→ **Work instructions**:
Find "Su confección consta" and "Modern Luxury Interiors" in the records below. Copy the lines holding them and every line between, exactly, and no others.

→ **Data for this exercise**:
-=-=-
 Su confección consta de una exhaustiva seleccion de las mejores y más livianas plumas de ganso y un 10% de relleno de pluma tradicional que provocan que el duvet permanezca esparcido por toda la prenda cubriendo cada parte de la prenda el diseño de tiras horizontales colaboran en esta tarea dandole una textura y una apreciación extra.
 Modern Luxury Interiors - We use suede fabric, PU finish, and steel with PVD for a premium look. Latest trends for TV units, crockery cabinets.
-=-=-
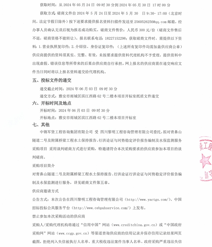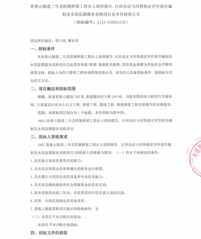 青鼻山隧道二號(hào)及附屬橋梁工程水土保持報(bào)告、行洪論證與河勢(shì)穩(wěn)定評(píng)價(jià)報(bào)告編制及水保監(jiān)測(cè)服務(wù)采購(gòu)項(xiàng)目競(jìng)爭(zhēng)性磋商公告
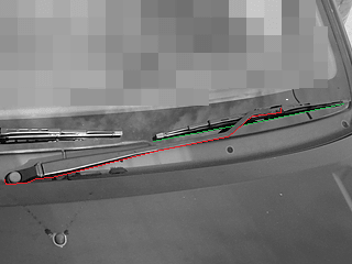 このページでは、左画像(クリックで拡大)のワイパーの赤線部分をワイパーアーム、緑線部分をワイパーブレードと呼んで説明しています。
-=-=-
→ **Output for this exercise**:
 Su confección consta de una exhaustiva seleccion de las mejores y más livianas plumas de ganso y un 10% de relleno de pluma tradicional que provocan que el duvet permanezca esparcido por toda la prenda cubriendo cada parte de la prenda el diseño de tiras horizontales colaboran en esta tarea dandole una textura y una apreciación extra.
 Modern Luxury Interiors - We use suede fabric, PU finish, and steel with PVD for a premium look. Latest trends for TV units, crockery cabinets.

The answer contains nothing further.